▶ _Problem statement_
Using the data below, set down every line from the one containing "Video hari pertama" through the one containing "El director general del Instituto", inclusive and unchanged. Pictures are to be skipped.
++++ Materials provided
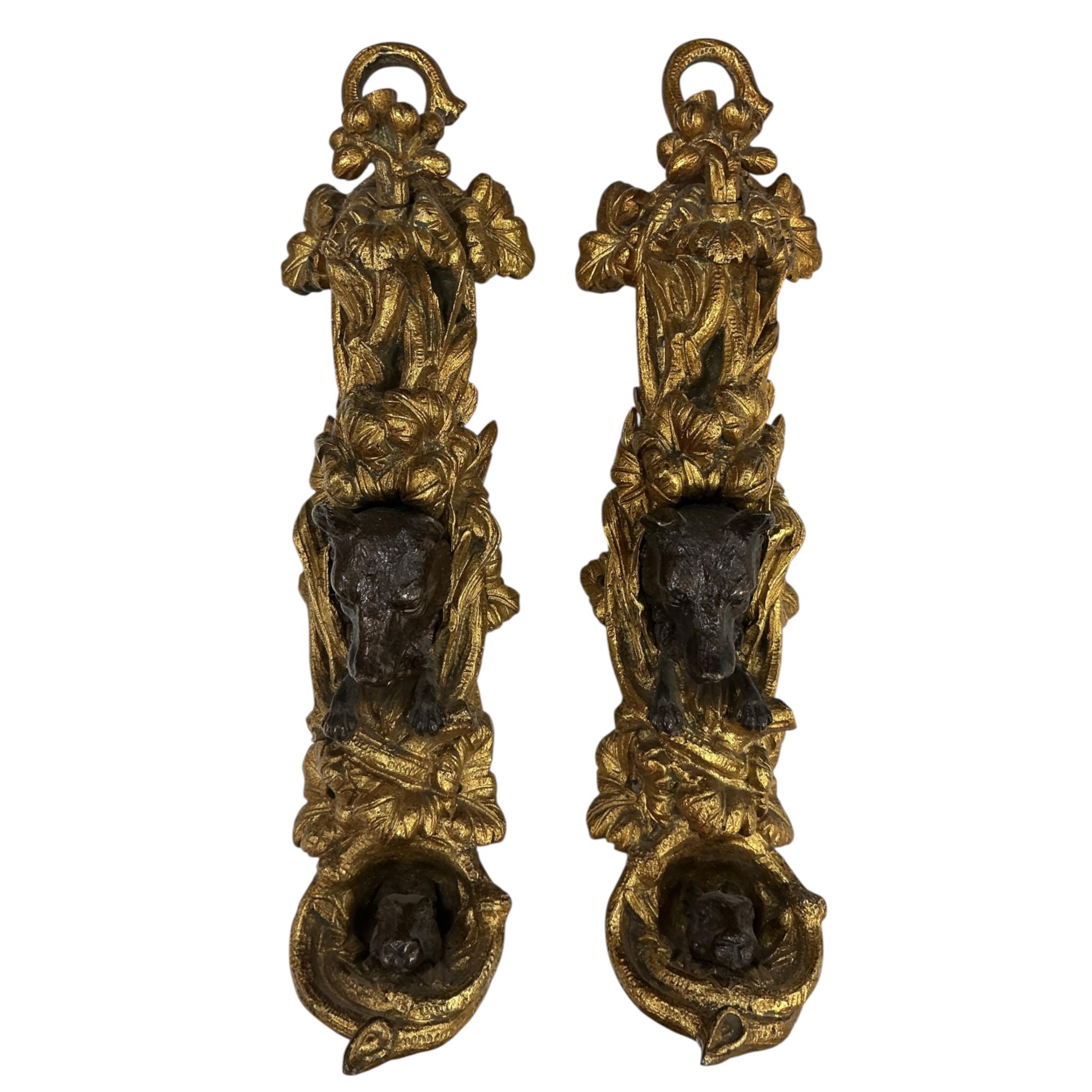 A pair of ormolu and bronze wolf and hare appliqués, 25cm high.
++++++++
++++ Materials provided
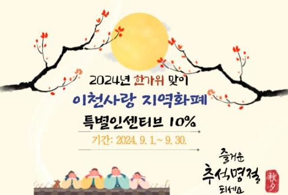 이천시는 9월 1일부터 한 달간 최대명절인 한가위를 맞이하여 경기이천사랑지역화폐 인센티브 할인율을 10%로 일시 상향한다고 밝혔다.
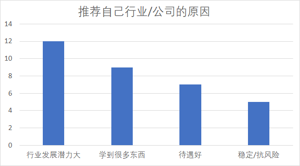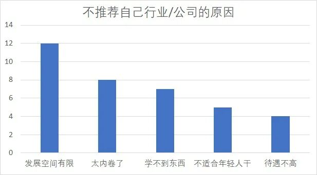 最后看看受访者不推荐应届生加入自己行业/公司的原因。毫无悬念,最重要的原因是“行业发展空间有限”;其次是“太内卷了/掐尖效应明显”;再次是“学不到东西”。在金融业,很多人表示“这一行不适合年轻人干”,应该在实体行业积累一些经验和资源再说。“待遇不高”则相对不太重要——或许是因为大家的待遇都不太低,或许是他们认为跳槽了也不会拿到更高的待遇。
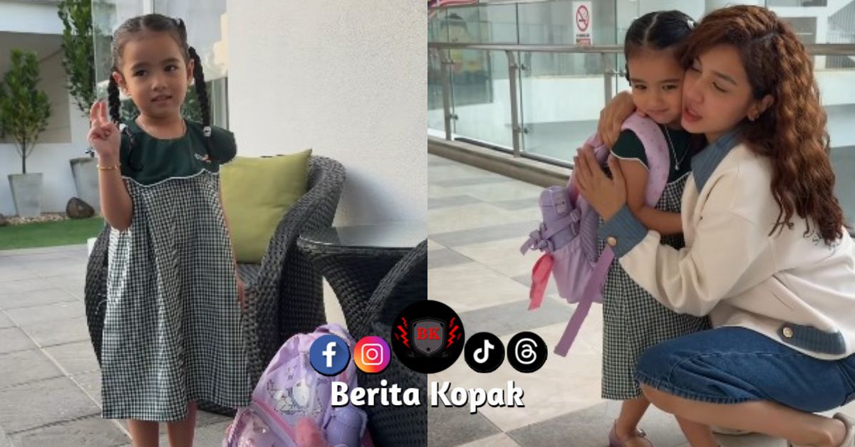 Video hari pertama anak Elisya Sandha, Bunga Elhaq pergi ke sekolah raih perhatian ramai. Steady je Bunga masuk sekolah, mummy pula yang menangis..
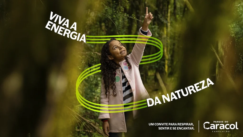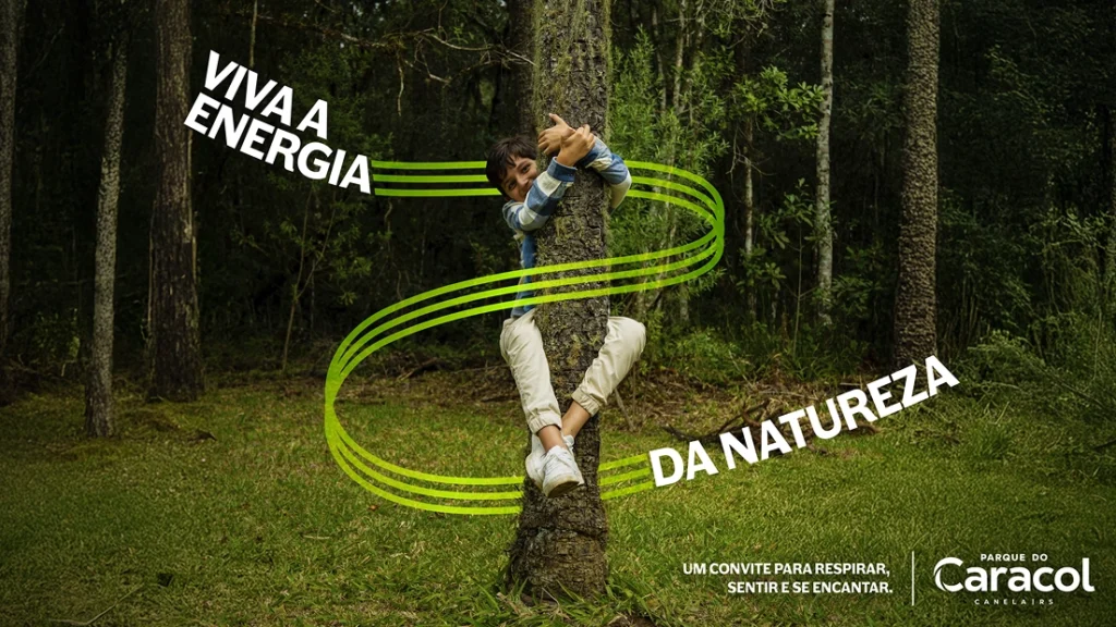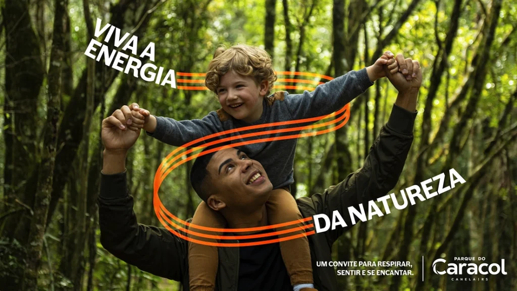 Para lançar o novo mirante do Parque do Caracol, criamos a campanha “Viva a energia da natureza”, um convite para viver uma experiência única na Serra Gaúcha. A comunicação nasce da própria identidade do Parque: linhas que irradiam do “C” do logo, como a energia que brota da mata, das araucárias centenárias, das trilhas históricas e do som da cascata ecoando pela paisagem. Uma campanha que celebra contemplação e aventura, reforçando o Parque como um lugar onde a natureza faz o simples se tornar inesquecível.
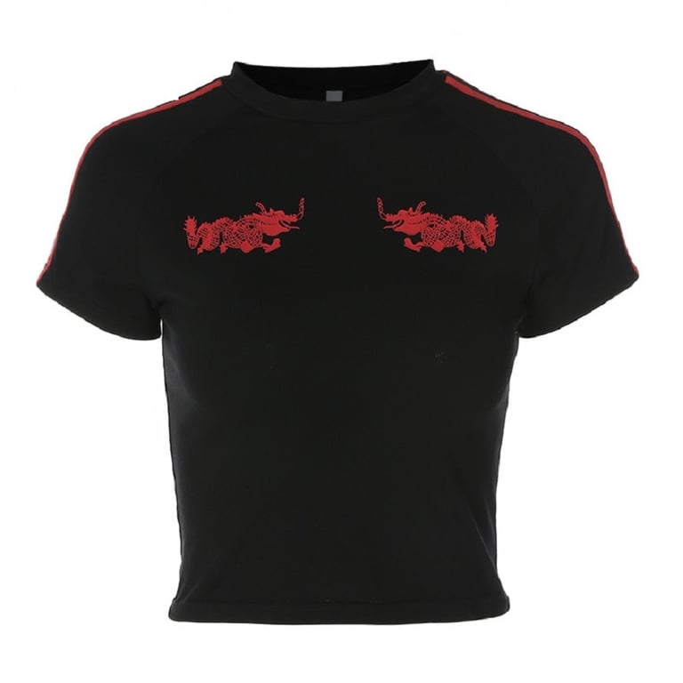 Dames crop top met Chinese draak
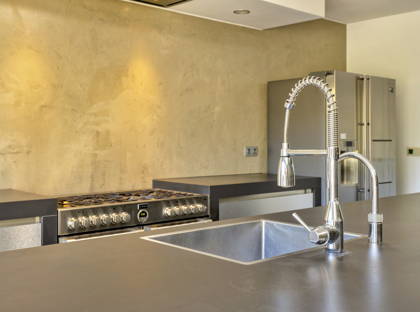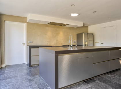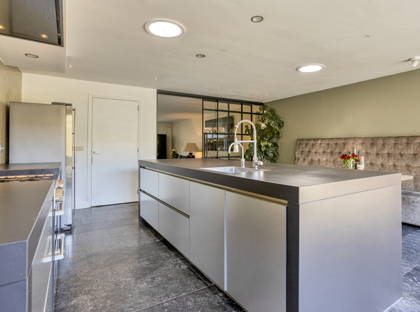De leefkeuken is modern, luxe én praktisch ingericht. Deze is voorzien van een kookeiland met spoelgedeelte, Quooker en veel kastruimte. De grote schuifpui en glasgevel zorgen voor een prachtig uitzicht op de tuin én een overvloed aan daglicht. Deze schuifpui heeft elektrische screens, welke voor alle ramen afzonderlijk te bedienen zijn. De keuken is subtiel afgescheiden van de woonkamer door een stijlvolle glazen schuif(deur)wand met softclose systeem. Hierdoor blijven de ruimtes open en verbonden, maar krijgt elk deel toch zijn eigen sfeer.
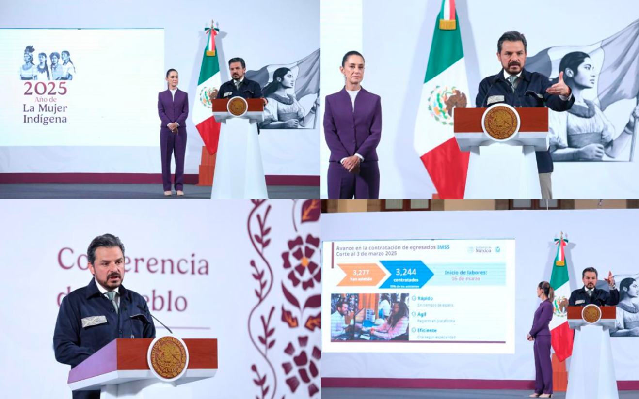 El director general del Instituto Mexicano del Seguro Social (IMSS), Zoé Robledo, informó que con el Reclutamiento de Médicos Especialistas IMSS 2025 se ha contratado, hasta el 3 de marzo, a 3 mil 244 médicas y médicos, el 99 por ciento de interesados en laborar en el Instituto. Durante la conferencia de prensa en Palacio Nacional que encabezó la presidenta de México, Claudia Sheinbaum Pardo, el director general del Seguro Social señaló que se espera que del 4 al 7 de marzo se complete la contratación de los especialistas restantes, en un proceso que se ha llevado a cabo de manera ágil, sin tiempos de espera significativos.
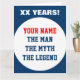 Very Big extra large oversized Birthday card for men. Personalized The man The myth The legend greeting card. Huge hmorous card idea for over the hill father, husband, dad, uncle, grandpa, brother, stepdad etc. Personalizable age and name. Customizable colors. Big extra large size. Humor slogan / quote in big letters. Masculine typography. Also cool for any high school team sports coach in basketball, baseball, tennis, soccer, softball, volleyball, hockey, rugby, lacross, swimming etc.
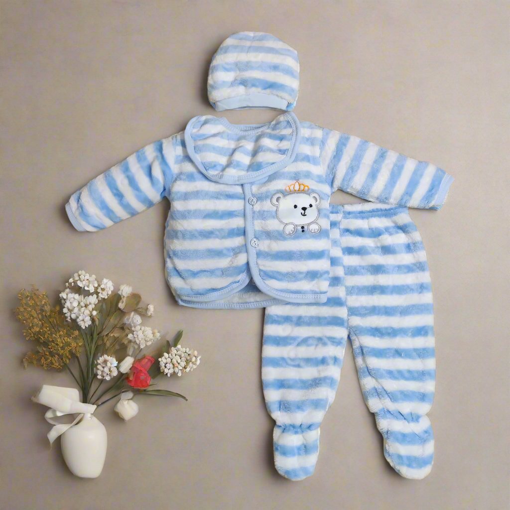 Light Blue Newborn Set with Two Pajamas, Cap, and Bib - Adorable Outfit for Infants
++++++++
++++ Materials provided
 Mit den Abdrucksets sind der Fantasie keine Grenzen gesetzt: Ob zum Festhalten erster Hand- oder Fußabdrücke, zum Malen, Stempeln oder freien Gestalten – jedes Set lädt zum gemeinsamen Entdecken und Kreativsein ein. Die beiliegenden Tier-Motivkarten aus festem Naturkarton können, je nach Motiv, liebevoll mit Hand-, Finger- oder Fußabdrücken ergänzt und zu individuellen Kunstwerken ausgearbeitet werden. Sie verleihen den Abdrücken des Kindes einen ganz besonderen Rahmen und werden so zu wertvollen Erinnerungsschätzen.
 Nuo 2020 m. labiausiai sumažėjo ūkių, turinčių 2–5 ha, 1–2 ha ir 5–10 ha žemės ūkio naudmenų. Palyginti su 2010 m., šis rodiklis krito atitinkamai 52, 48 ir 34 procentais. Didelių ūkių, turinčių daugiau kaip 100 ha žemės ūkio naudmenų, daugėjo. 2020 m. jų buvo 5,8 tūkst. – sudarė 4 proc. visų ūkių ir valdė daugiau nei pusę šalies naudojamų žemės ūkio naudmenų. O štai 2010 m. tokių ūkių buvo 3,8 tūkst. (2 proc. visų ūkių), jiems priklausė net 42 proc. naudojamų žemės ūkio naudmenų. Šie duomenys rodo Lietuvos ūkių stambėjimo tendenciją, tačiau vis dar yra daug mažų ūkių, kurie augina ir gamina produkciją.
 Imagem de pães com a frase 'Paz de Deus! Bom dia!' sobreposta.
++++++++
▶ _Task solution_
 Video hari pertama anak Elisya Sandha, Bunga Elhaq pergi ke sekolah raih perhatian ramai. Steady je Bunga masuk sekolah, mummy pula yang menangis..
 Para lançar o novo mirante do Parque do Caracol, criamos a campanha “Viva a energia da natureza”, um convite para viver uma experiência única na Serra Gaúcha. A comunicação nasce da própria identidade do Parque: linhas que irradiam do “C” do logo, como a energia que brota da mata, das araucárias centenárias, das trilhas históricas e do som da cascata ecoando pela paisagem. Uma campanha que celebra contemplação e aventura, reforçando o Parque como um lugar onde a natureza faz o simples se tornar inesquecível.
 Dames crop top met Chinese draak
De leefkeuken is modern, luxe én praktisch ingericht. Deze is voorzien van een kookeiland met spoelgedeelte, Quooker en veel kastruimte. De grote schuifpui en glasgevel zorgen voor een prachtig uitzicht op de tuin én een overvloed aan daglicht. Deze schuifpui heeft elektrische screens, welke voor alle ramen afzonderlijk te bedienen zijn. De keuken is subtiel afgescheiden van de woonkamer door een stijlvolle glazen schuif(deur)wand met softclose systeem. Hierdoor blijven de ruimtes open en verbonden, maar krijgt elk deel toch zijn eigen sfeer.
 El director general del Instituto Mexicano del Seguro Social (IMSS), Zoé Robledo, informó que con el Reclutamiento de Médicos Especialistas IMSS 2025 se ha contratado, hasta el 3 de marzo, a 3 mil 244 médicas y médicos, el 99 por ciento de interesados en laborar en el Instituto. Durante la conferencia de prensa en Palacio Nacional que encabezó la presidenta de México, Claudia Sheinbaum Pardo, el director general del Seguro Social señaló que se espera que del 4 al 7 de marzo se complete la contratación de los especialistas restantes, en un proceso que se ha llevado a cabo de manera ágil, sin tiempos de espera significativos.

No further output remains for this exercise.